**Provided data:**
•••••

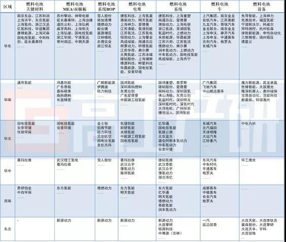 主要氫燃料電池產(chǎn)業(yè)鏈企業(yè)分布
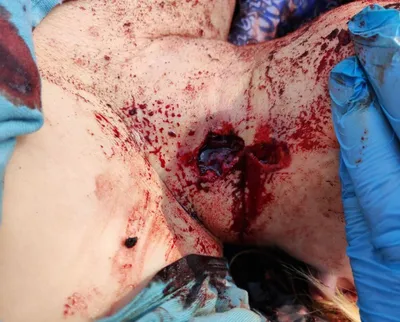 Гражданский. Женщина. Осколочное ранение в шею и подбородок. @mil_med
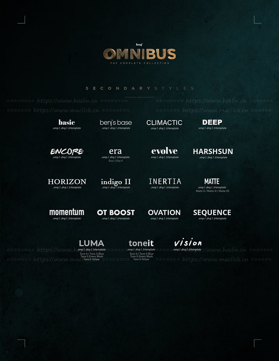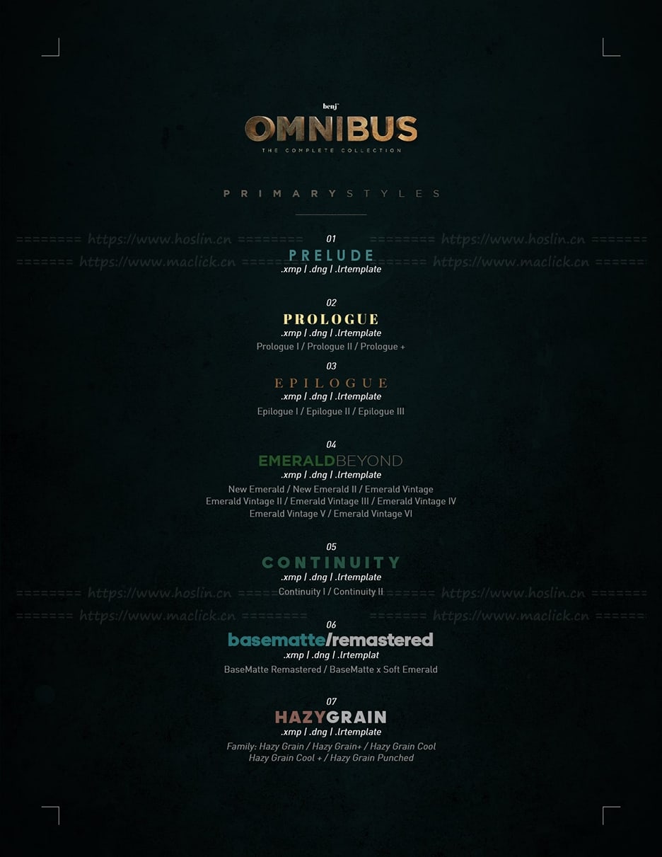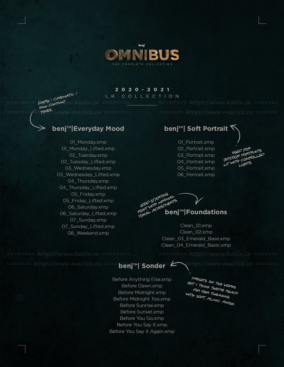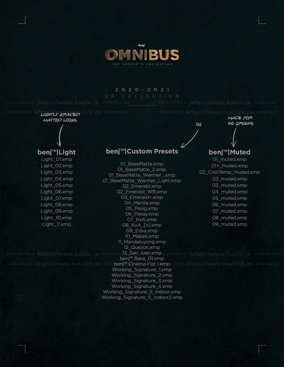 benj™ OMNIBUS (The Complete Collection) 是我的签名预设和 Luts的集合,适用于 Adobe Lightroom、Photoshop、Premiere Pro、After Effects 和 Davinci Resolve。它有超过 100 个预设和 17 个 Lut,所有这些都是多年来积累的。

•••••

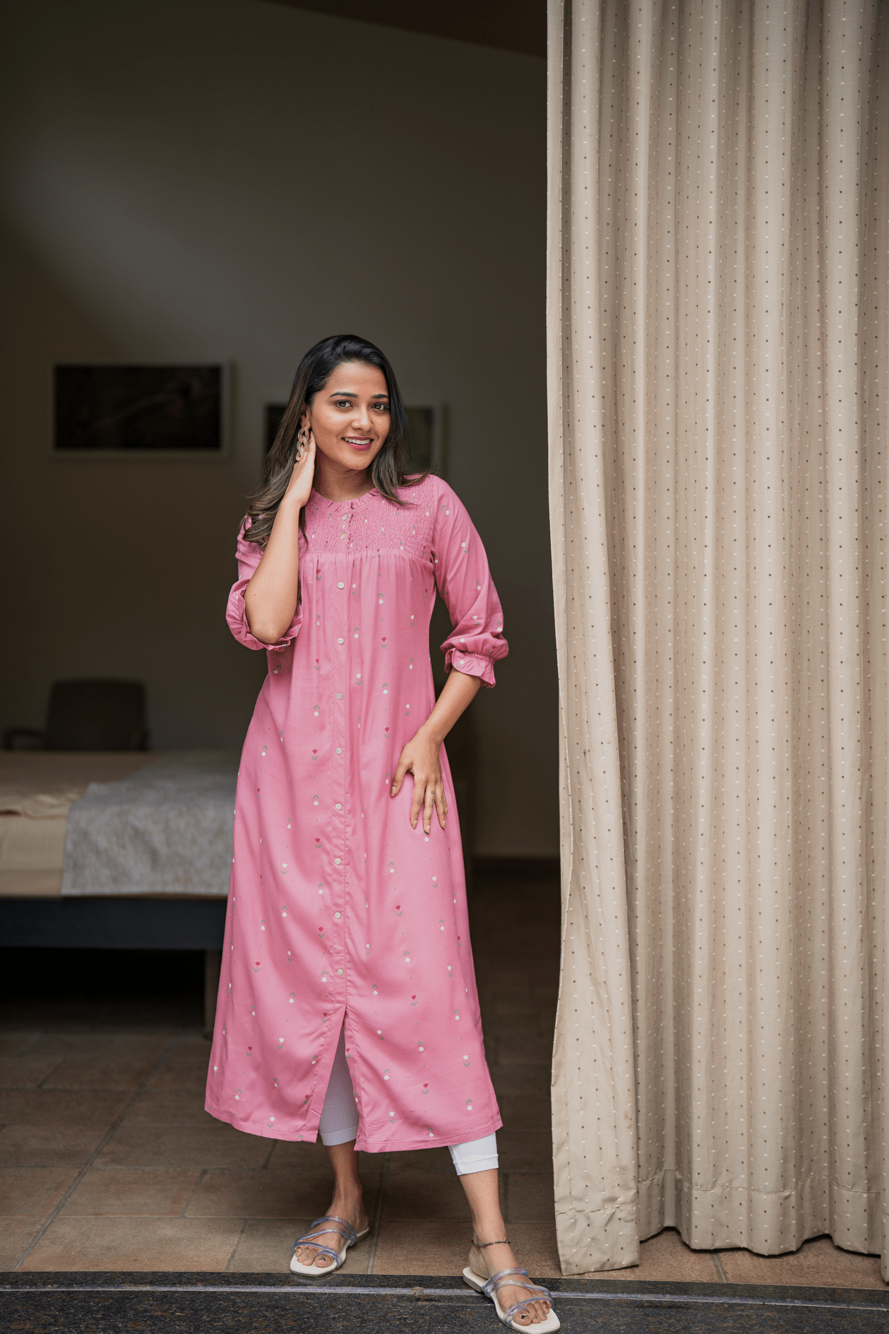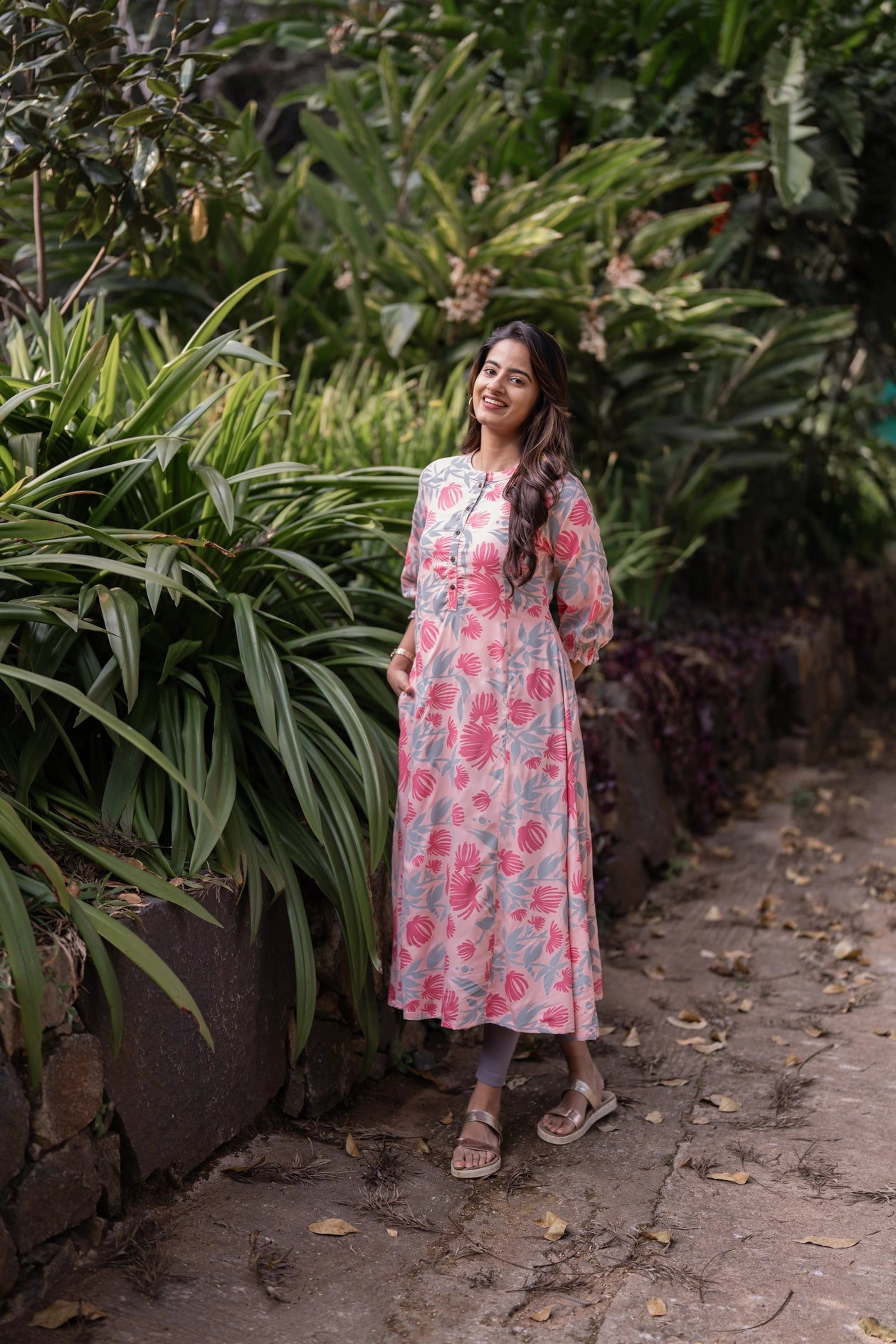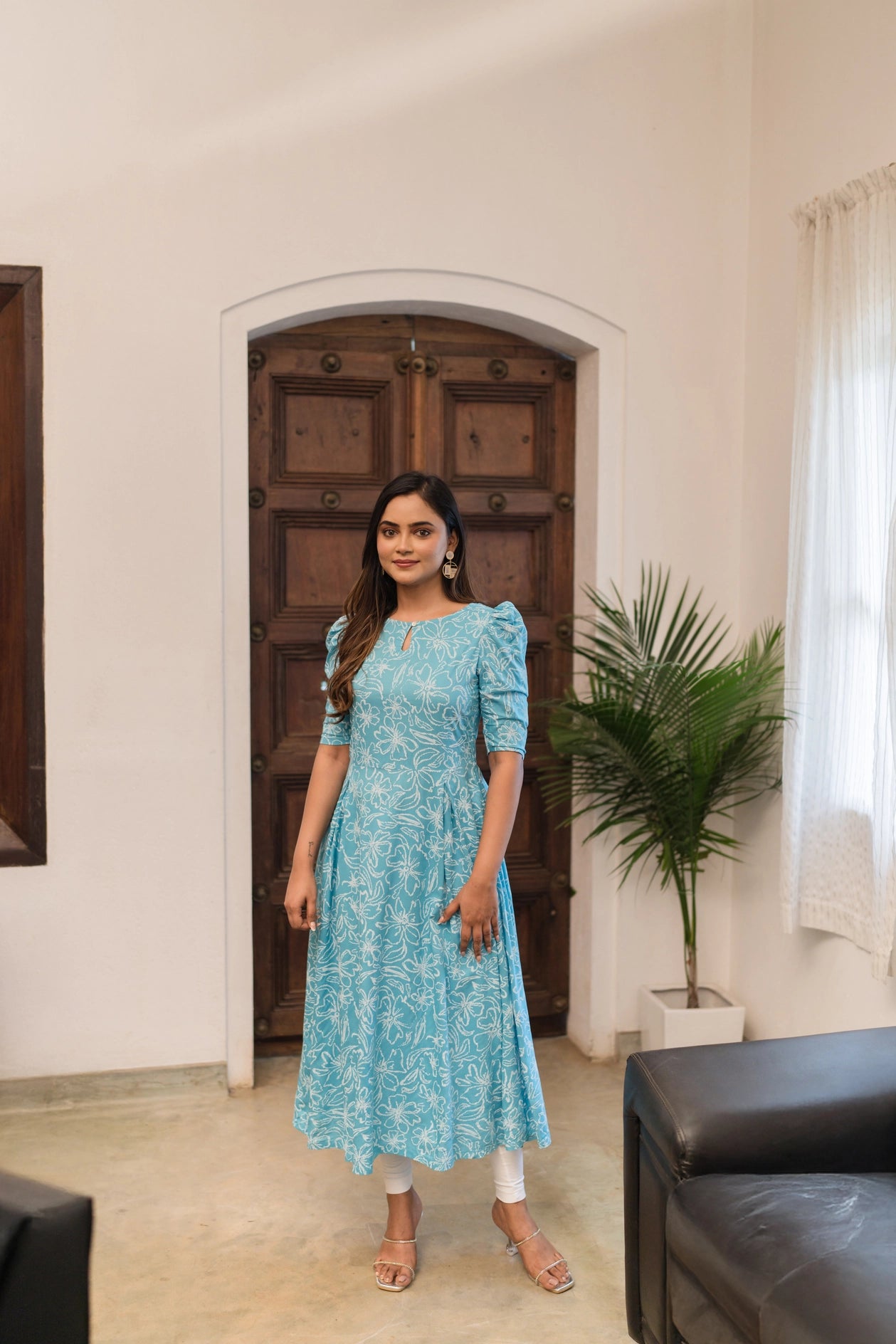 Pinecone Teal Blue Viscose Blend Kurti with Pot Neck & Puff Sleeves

•••••

**Task objective:** When you reach the line containing "主要氫燃料電池產(chǎn)業(yè)鏈企業(yè)分布" in the entries above, begin restating word for word, and stop once the line containing "benj™ OMNIBUS (The" has been given. Omit the pictures.

**Response to the task:**
 主要氫燃料電池產(chǎn)業(yè)鏈企業(yè)分布
 Гражданский. Женщина. Осколочное ранение в шею и подбородок. @mil_med
 benj™ OMNIBUS (The Complete Collection) 是我的签名预设和 Luts的集合,适用于 Adobe Lightroom、Photoshop、Premiere Pro、After Effects 和 Davinci Resolve。它有超过 100 个预设和 17 个 Lut,所有这些都是多年来积累的。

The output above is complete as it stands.